Design of solid circular shaft under torsion: A solid shaft transmits torque T. If the maximum shear stress must not exceed f_z, what diameter d is required?

Introduction / Context:
Power shafts are sized by limiting shear stress under torque. For solid circular shafts, the elastic torsion formula relates torque to maximum shear stress via the polar section modulus.

Given Data / Assumptions:

• Solid circular shaft of diameter d.
• Applied torque T (steady).
• Allowable maximum shear stress f_z (τ_allow).
• Elastic torsion; no stress concentration considered.

Concept / Approach:
For a solid circular shaft, τ_max = 16 T / (π d^3). This comes from T / J = τ / r with J = π d^4 / 32 and r = d/2, giving τ_max = 16 T / (π d^3). Solving for d yields the required diameter.

Step-by-Step Solution:
Start with τ_max = 16 T / (π d^3).Set τ_max = f_z (allowable): f_z = 16 T / (π d^3).Rearrange: d^3 = 16 T / (π f_z).Therefore, d = (16 T / (π f_z))^(1/3).

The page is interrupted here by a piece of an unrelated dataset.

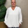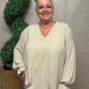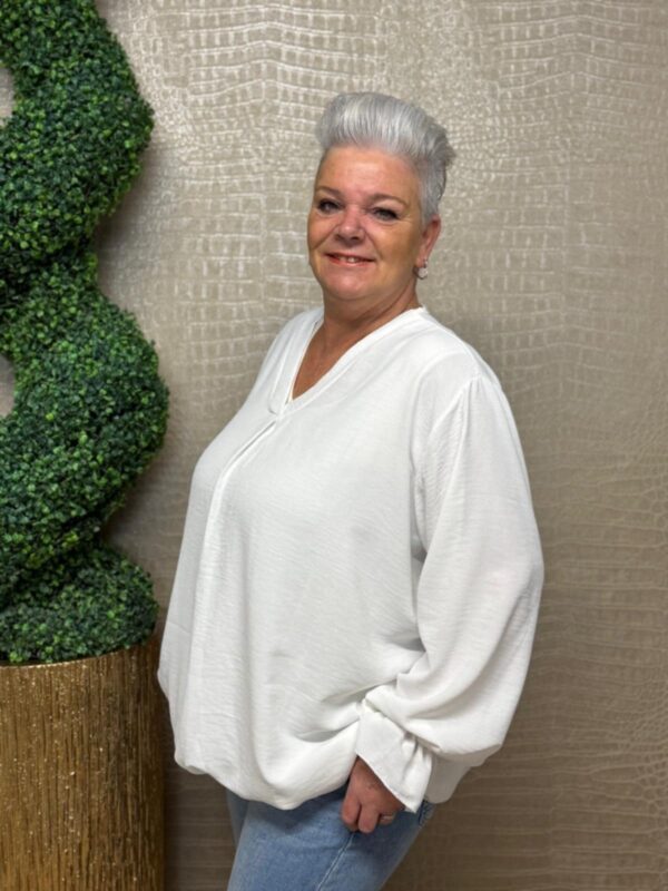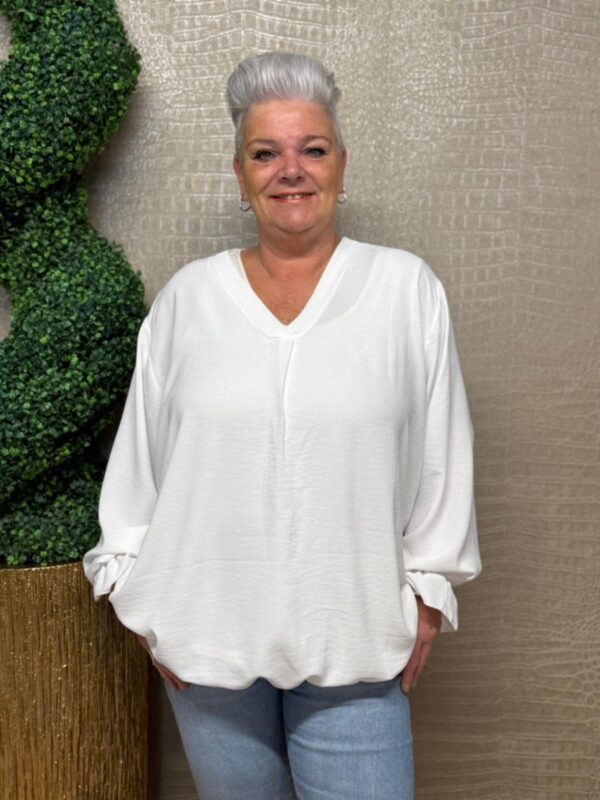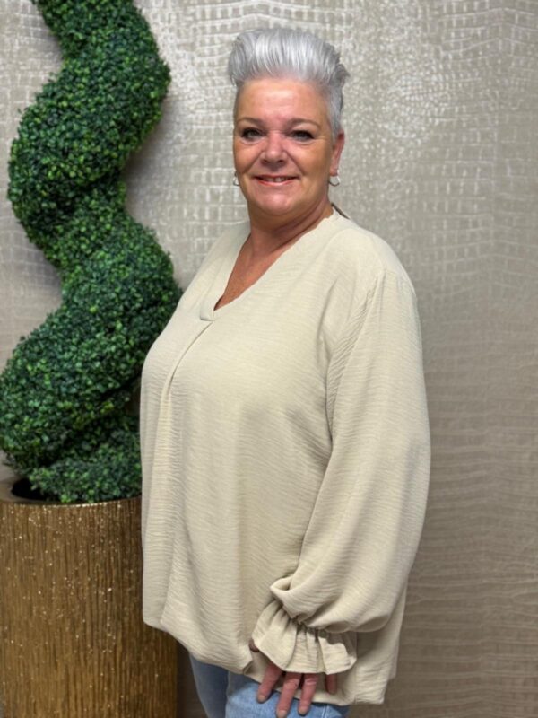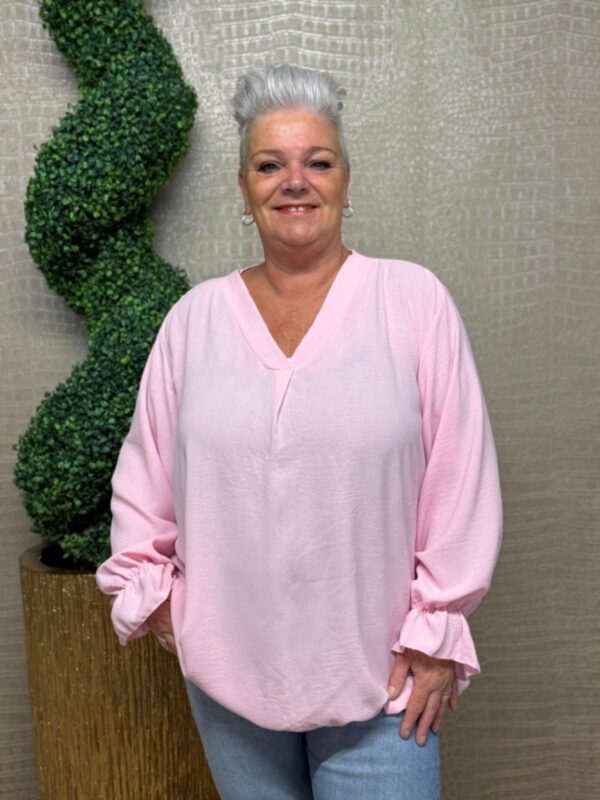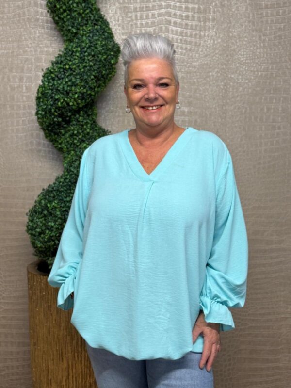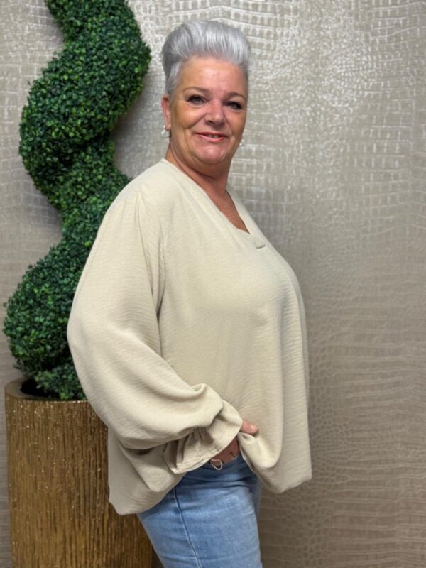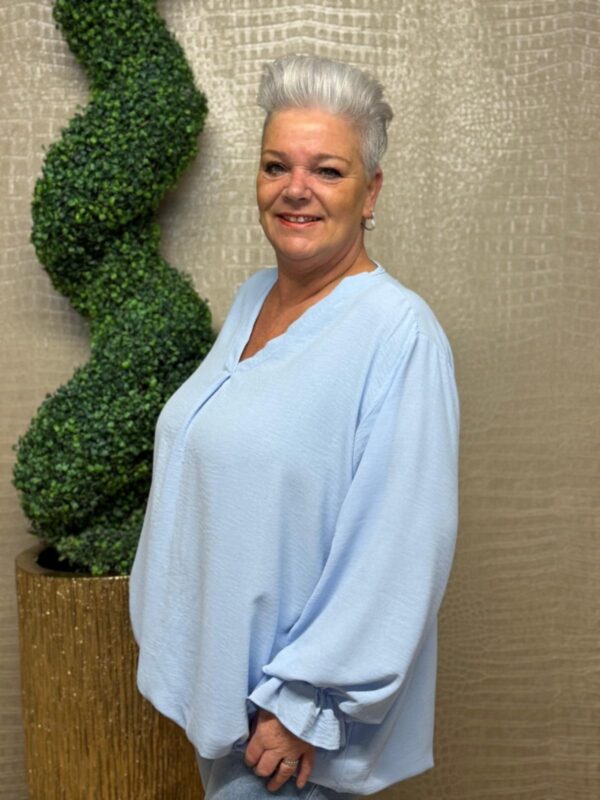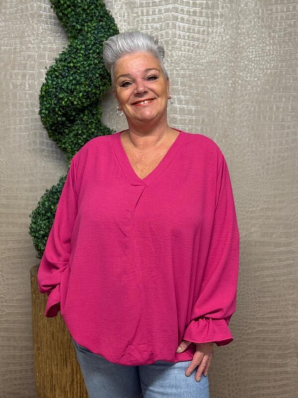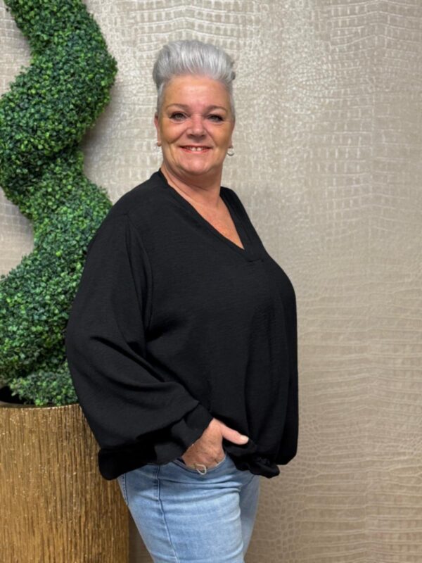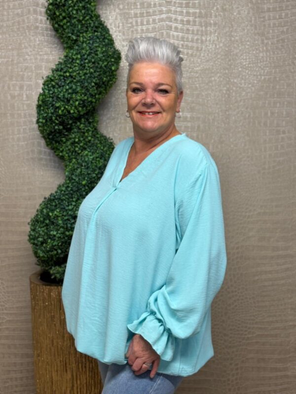 Deze ballon top is een echte voorjaarsfavoriet! De V-hals zorgt voor een elegante uitstraling, terwijl de trompetmouwen een speels en trendy accent geven. Het ballonmodel valt soepel en flatteus en zit heerlijk comfortabel. Verkrijgbaar in diverse frisse voorjaarskleuren en dankzij het one size model draagbaar tot en met maat 50/52.

Verification / Alternative check:
Dimensional check: T has units of force*length; dividing by stress (force/area) gives length^3, consistent with d^3.

Why Other Options Are Wrong:
Square-root forms are for thin tubes or unrelated cases.Algebraic rearrangements with π misplaced do not satisfy τ_max relation.

Common Pitfalls:
Using hollow-shaft formulas or forgetting the 16/π factor for the solid section.

Final Answer:
d = (16 T / (π f_z))^(1/3).